§ WHAT THIS TASK INVOLVES
One exact copy of the listing is needed. It should contain no pictures.

§ DATASET EXTRACT
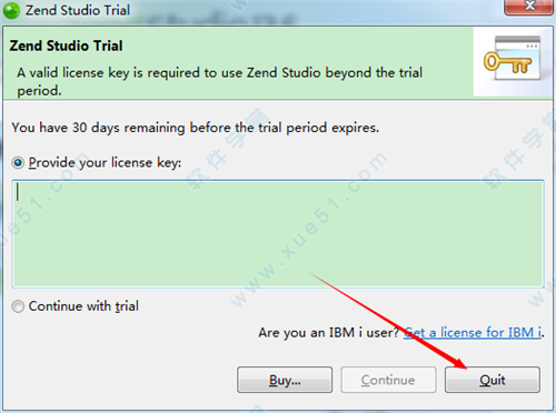 3、进入软件界面后需要输入注册码,我们点击quit先退出
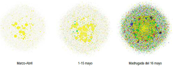 Los gráficos de la evolución del movimiento medido en término de su incidencia en las redes sociales han sido publicados, y muestran como de manera explosiva emerge el 15M a partir de la noche del 16 de mayo.
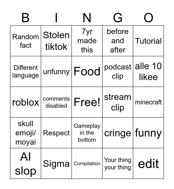 This bingo card has a free space and 24 words: Respect, Sigma, Food, AI slop, Tutorial, Random fact, Different language, Stolen tiktok, stream clip, Gameplay in the bottom, podcast clip, roblox, cringe, funny, unfunny, Your thing your thing, minecraft, 7yr made this, alle 10 likee, comments disabled, edit, skull emoji/ moyai, before and after and Compilation.

§ OUTPUT OF THE EXERCISE
 3、进入软件界面后需要输入注册码,我们点击quit先退出
 Los gráficos de la evolución del movimiento medido en término de su incidencia en las redes sociales han sido publicados, y muestran como de manera explosiva emerge el 15M a partir de la noche del 16 de mayo.
 This bingo card has a free space and 24 words: Respect, Sigma, Food, AI slop, Tutorial, Random fact, Different language, Stolen tiktok, stream clip, Gameplay in the bottom, podcast clip, roblox, cringe, funny, unfunny, Your thing your thing, minecraft, 7yr made this, alle 10 likee, comments disabled, edit, skull emoji/ moyai, before and after and Compilation.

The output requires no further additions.